THE INDIAN GUARD.
During our stay at the village, the crowd of visiters and pilferers increased from day to day. The chief, therefore, stationed one of the warriors at the encampment to keep off idlers and intruders of all descriptions, and above all to have a keen eye to the movements of the dogs and old women. At the same time he took occasion to let us know that though the warrior had been selected by himself, his pay would be expected to come from the hands of the Commissioner. On the following morning the guard made his appearance, and prepared to enter upon his office. He was tall and thin, with a shaved head, and a body highly painted with vermilion. He wore, or rather carried with him, a dirty blanket; which, with a small piece of blue cloth around his hips, and a ragged pair of mocassins, completed his dress, and the whole of his worldly possessions. Like most men in office, he began to hold his head higher than the rest of the world, and to look with a patronising air upon his former cronies. He forthwith commenced the discharge of his duties, with that assiduity which fully verified the trite but true proverb, “a new broom sweeps clean.” He routed the droves of vagabond children. He hunted the old squaws over the prairie, till nothing in the shape of a petticoat dared venture in the neighbourhood. And a perpetual whining and howling of curs, accompanied by the hearty thwacks of a cudgel, informed us that this portion of our visiters had also been treated with all the respect due to so numerous and busy a community.
This lasted for a day; after which, a perfect calm reigned throughout the camp. There was no excitement; for the guard had monopolised it. There was no squabbling, or howling; for the women were driven off, and the dogs knew better than to venture a second time within the reach of a cudgel, whose favours were bestowed with such an unsparing liberality.
The office now became a sinecure. The guard sat for hours upon the head of an empty pork barrel, drumming his heels against its sides, and trolling out some Indian ditty, or occasionally bellowing out a threat at some urchin who ventured to steal a distant look at the forbidden premises. When this became tedious, he stretched himself at full length on the grass, and resumed his old occupation of singing. An hour spent at this exhausted his patience. He then rose up, threw his blanket across one of his shoulders, and swaggered off to the village to hear the news, and to take a chat with the old folks, who treated him with the greatest deference, now that he was in office. After paying one of these visits, he always returned to his post, and regaled us, as well as he was able, with the news of the day. By degrees, his jurisdiction seemed to increase, until at last from the charge of our goods and chattels, it reached to the charge of ourselves; and none of the party could leave the tent without receiving a very inquiring look, as to what might be the nature of the business which called him forth. All these things tended vastly to raise him in the estimation of the village; though I verily believe that, at the bottom, he was one of the most arrant vagabonds breathing; and that the chief, acting upon the principle usually followed by politicians of the present day, had promoted him to office, because it was necessary that something should be done for him, and because there was no other way of doing it.

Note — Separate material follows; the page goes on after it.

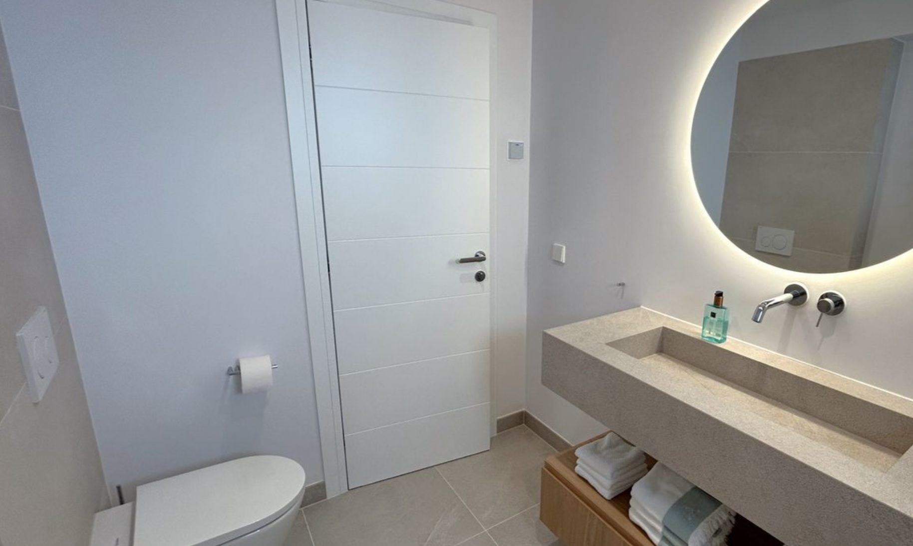 Apartament oferuje trzy komfortowe sypialnie, dwie eleganckie łazienki oraz dodatkową toaletę dla gości. Główna sypialnia z prywatną łazienką to prawdziwa oaza spokoju – każdy detal wnętrza został starannie zaprojektowany i wykończony z najwyższą dbałością o jakość.
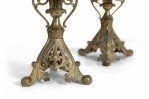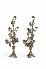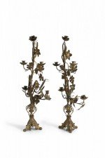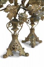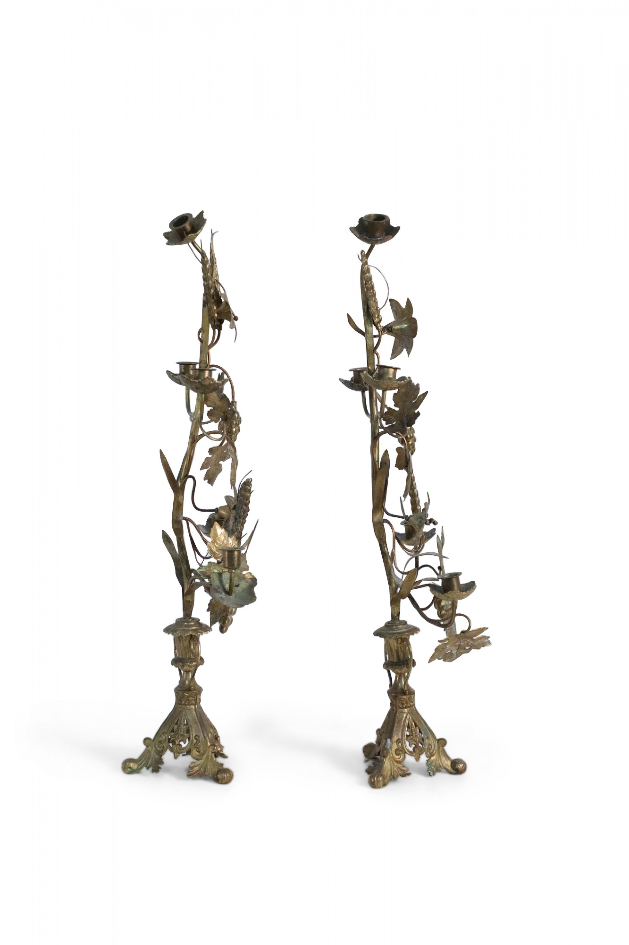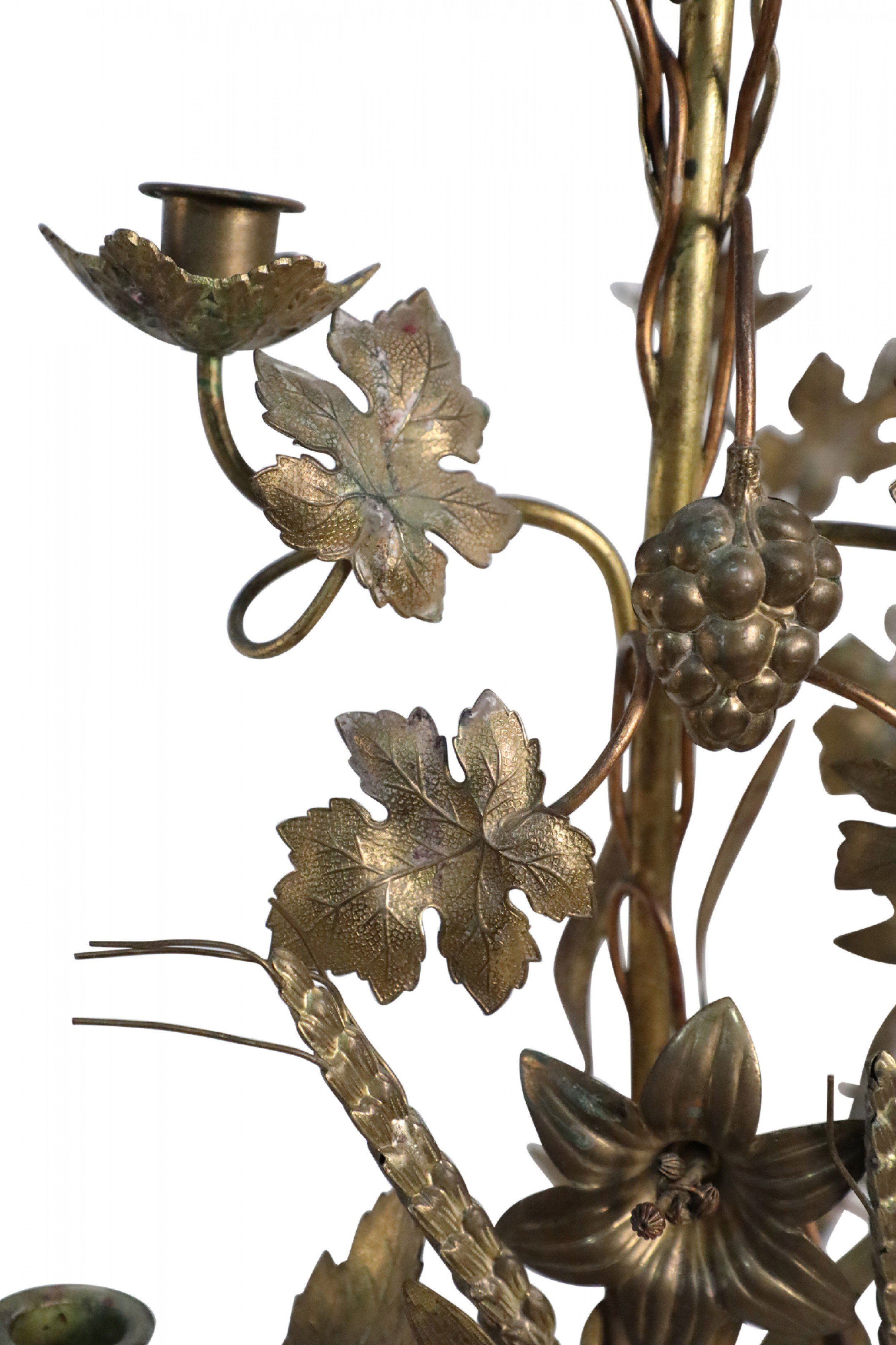 PAIR of French Provincial bronze harvest motif 5-armcandelabras with decorative grape vines and leaves, wheat sheafs, and lilies intertwined above a triangular. (PRICED AS PAIR).

Great as had been his display of diligence for the first day, it soon disappeared; and at the end of three days, there was little difference in the appearance of the camp, from that which it wore previous to his appointment. According to his notions, he had performed all that was necessary to entitle him to his pay, and any further labour he considered as altogether superfluous. Before a week had elapsed, he was nearly as great an annoyance as any of the idlers, whom it was his business to remove.